You don’t know me. I’m one of a million fans, annoyed as the rest of them with this contract madness. I know you don’t doubt that your city (and it is your city, King Brees) wants you paid whatever you desire to play with us through the end of your career.
All your fans are reeling, asking one another what in the nether hell is going on in Mr. Loomis’ cloudy office. We know there’s a salary cap issue, though we won’t claim to understand its details.
What can we do? I’m asking, we all are. Do you want to eat free at K-Paul’s forever (if you don’t already)? I’d venture to say your city would do anything to see you under center at OTAs ASAP.

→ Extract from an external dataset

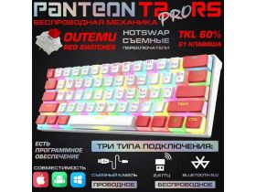 PANTEON T2 PRO RS White-Red (76) Механическая игровая программируемая клавиатура (60%, подсветка LED RGB, свитчи Outemu Red 61 кл, HotSwap, USB/Bluetooth/2,4 Ггц, аккумулятор 1450 mAh, ПО), цвет: белый-красный (76) 103105540456
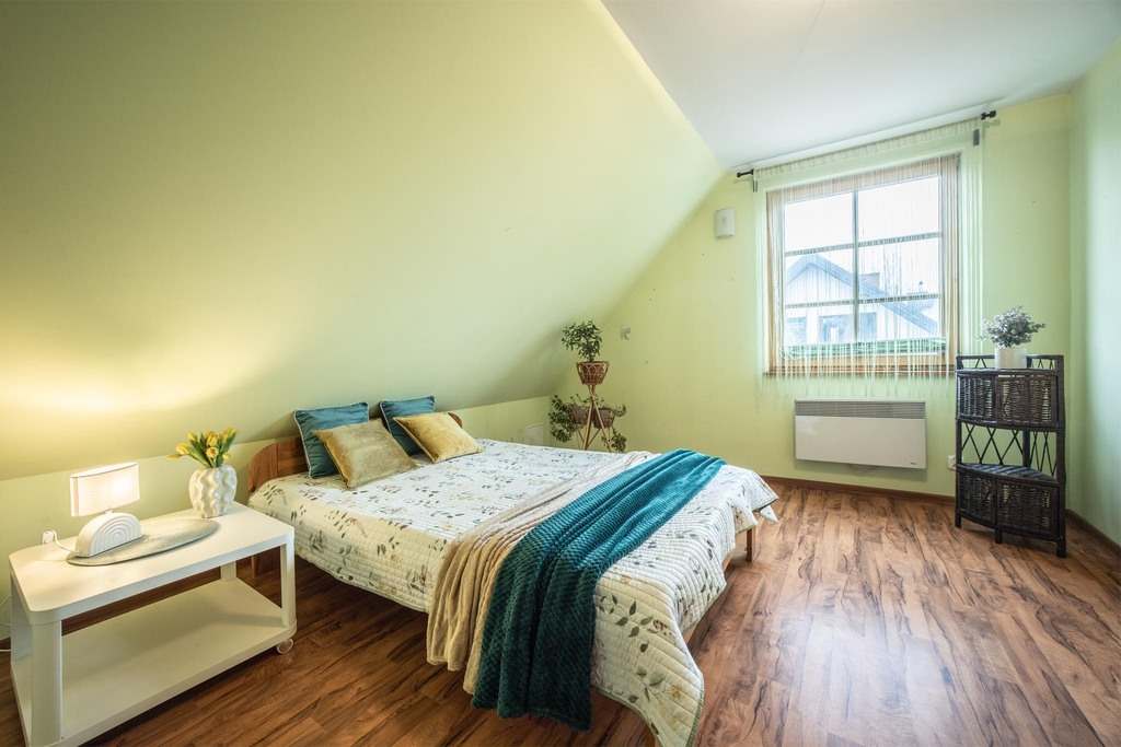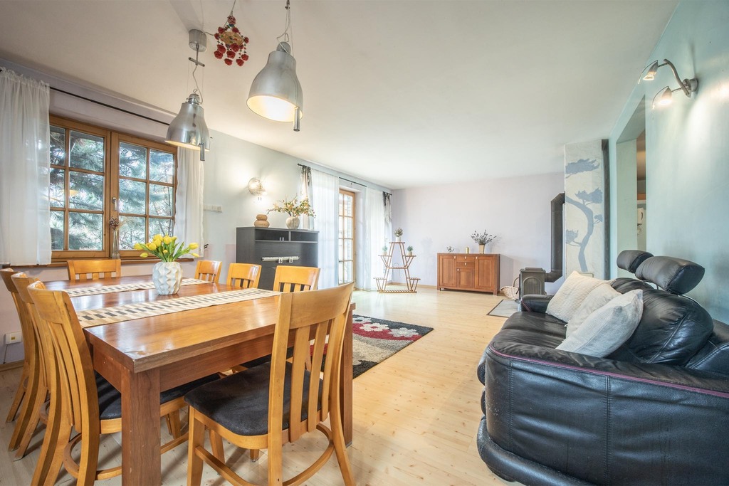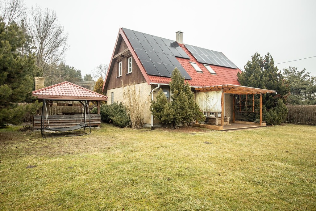 Solidnie ocieplony (20 cm wełny mineralnej w ścianach i dachu), energooszczędny i wyposażony w fotowoltaikę – łączy klimat tradycyjnego domu z nowoczesnymi rozwiązaniami.

So, I have a proposal for you and for the Who Dat Nation: let us take up a citywide collection. Sure, we can’t pay you to play, but we can pay you endorse us, right? I hereby personally offer to organize and execute an endorsement deal, worth the difference between your asking price this year and Mr. Loomis’ highest offer. I’ll set up the website to take donations from the Who Dat Nation, and I’ll set up production on a commercial for the City of New Orleans. And at the end, if my fellow citizens agree, we’ll get you the money, come hell or the high water we’re all painfully familiar with.
I’ll do it every year until you choose to retire, if that’s what it takes.
If I get twenty comments to this post voicing agreement from other fans and even the slightest suggestion from any of your people that you’d take it, I’ll start the ball rolling. I’m 100% serious. If I had four million dollars to spare, I’d pay you by myself. But I don’t – I only have some time and some determination to better the chances that your team will keep bringing me such unbounded happiness this year.
With a word from you that you’ll consider this, I’ll dedicate the next weeks of my life to making it happen. We’ve been the undeserved pariahs of the NFL too long. We want to fight back. Let us, please.